I also have a cat.  Amber is a joy— actually, she is a “no trouble” kind of joy.  Of course she is allowed on the couch and the kitchen countertops and everywhere else.  She is the boss.  

And I have a teenager.  Enough said.

So…Sadie and I moved back to Vermont this week after spending our summer in Massachusetts in a MUCH bigger house.  Coming back to our tiny house here is a little bit like slipping size-eleven feet into last year’s size-nine soccer cleats. We make it work.  We clean and purge and reshuffle— until when everything is in its place—things feel like home again.

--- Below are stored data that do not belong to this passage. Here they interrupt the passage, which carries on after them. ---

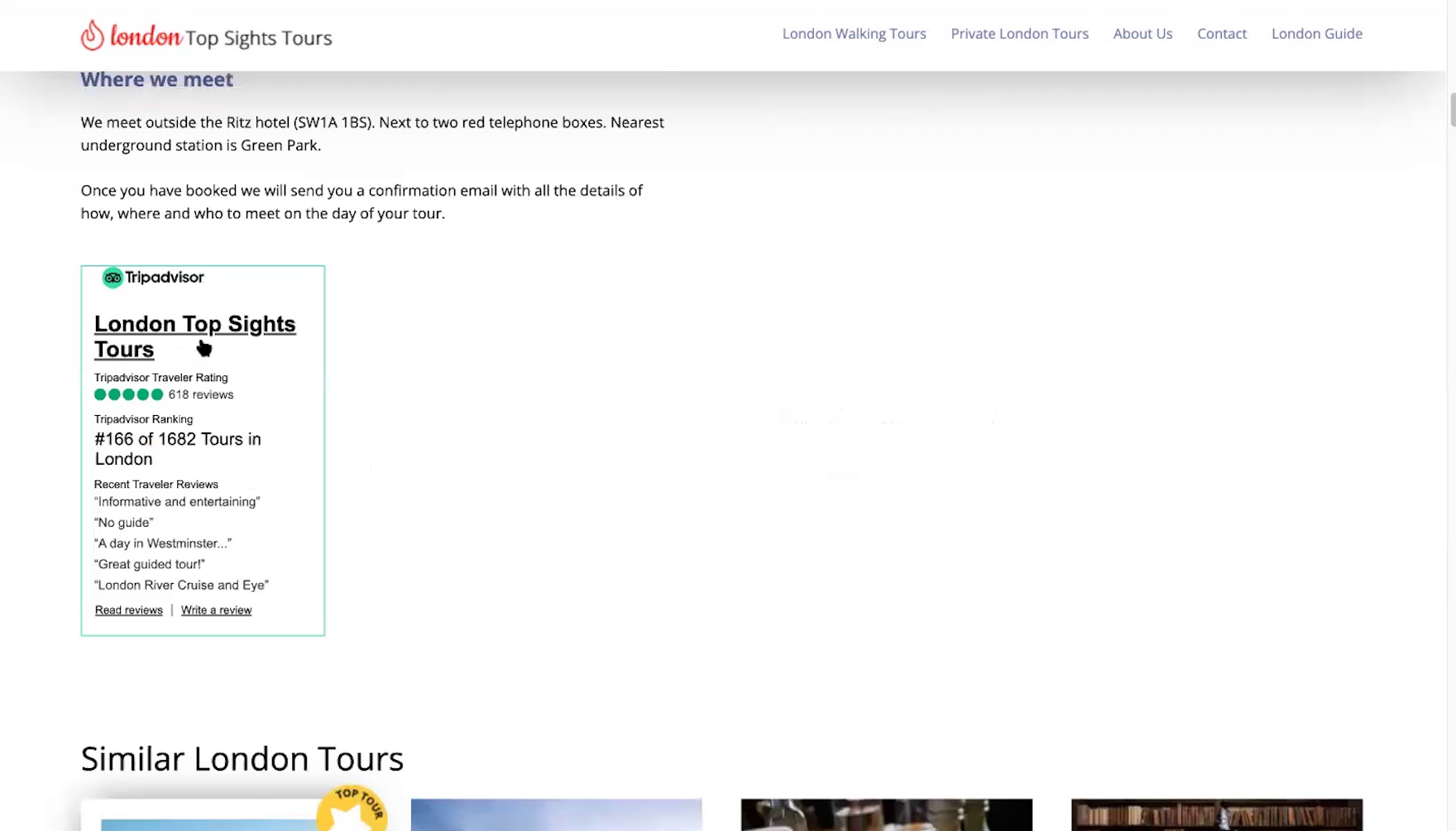 For example, when displaying an aggregate rating such as from Tripadvisor, Yelp, or Google, ensure it’s clickable and leads to the underlying reviews for that tour.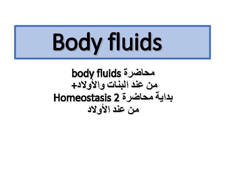 Body Fluid Compartment ﻫﺬﻱ ﻣﻦ ﺳﻼﻳﺪﺍﺕ ﺍﻷﻮﻻﺩ The water content of the body is divided into two compartments. 1) Intracellular compartment (ICF) Contained within the cell, represent approximately 67% of the total body water, 40% of total body weight. 2) Extracellular Compartment: (ECF) Contained within the vessels of the cardiovascular system, is the remaining 33% of the total body water, about 20 % of total body weight. the fluid portion of the blood, represents approximately 25% of the ECF. Blood volume, approximately 80 ml/kg of body weight (8%). Plasma sourrounds all cells except blood cells and includes Lymph (2 -3%) of total body weight. The ISF represent approximately 15% of the total body weight and 75% of the ECF. Interstitial fluid (ISF) is about 1 L, occupies approximately 15 ml/kg of body weight (1. 5%). * Represents fluid in the lumen of structures lined by epithelium and includes digestive secretions… etc. Transcellular fluid volume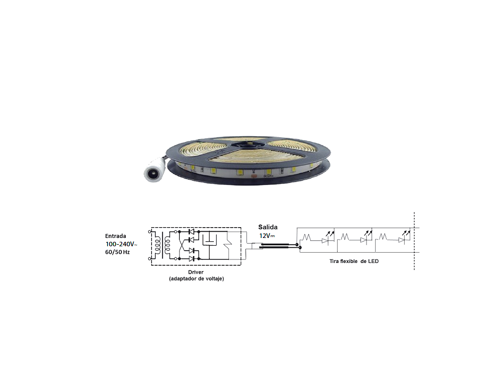 Tira flexible led Requiere driver a 12V⎓. No incluido.24W | 4.8W/m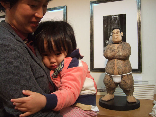 ブログ連載が大好評の写真研究家・小林美香さんがお嬢さんを連れて来廊。ちょっと後の木彫が恐かったかしら。

Not this year!  Puppies and cats and teenagers create a few additional challenges.  First there is the crate with the door that opens the wrong way. There is the cat’s food and her litter box full of yummies.  And then there is Sadie’s room.  It may be clean right this minute, but that is because we have been gone for the whole summer.

The crate is easy.  If you flip it upside down, you can get the door to open the other way.  The litter box and the food are not so simple.  The teenagers room? I’m not going to fool myself.   

I puzzled for a few days and after first blocking the upstairs with a chair that I had to move 50 times a day,  I came up with the brilliant idea of blocking the hallway down to Sadie’s room with a walk-through child gate.  The litter box and the cat food can stay in the hallway and the room can be what is— a pit.

Not so simple.  Child gates are thirty inches wide, the hallway is 45.  Luckily, I am not the first person to have this problem.  It’s easy to buy an extended-size gate—expensive but easy.  Unfortunately, the one I bought was also extra tall.  Cats can jump.  Evidently cats can jump up but they need a place to land— they are not hurdlers.

I started to wonder why this was my problem.  If the dog eats the cat’s food, the cat will need to learn to get there first.  If the dog eats Sadie’s homework, she will need to keep it off her floor.  I will flip the kennel because it drives me nuts and I suppose there is training for litter box eaters.

Problems solved, until the homework Parker eats is a computer.  Puppies, cats and teenagers—oh my!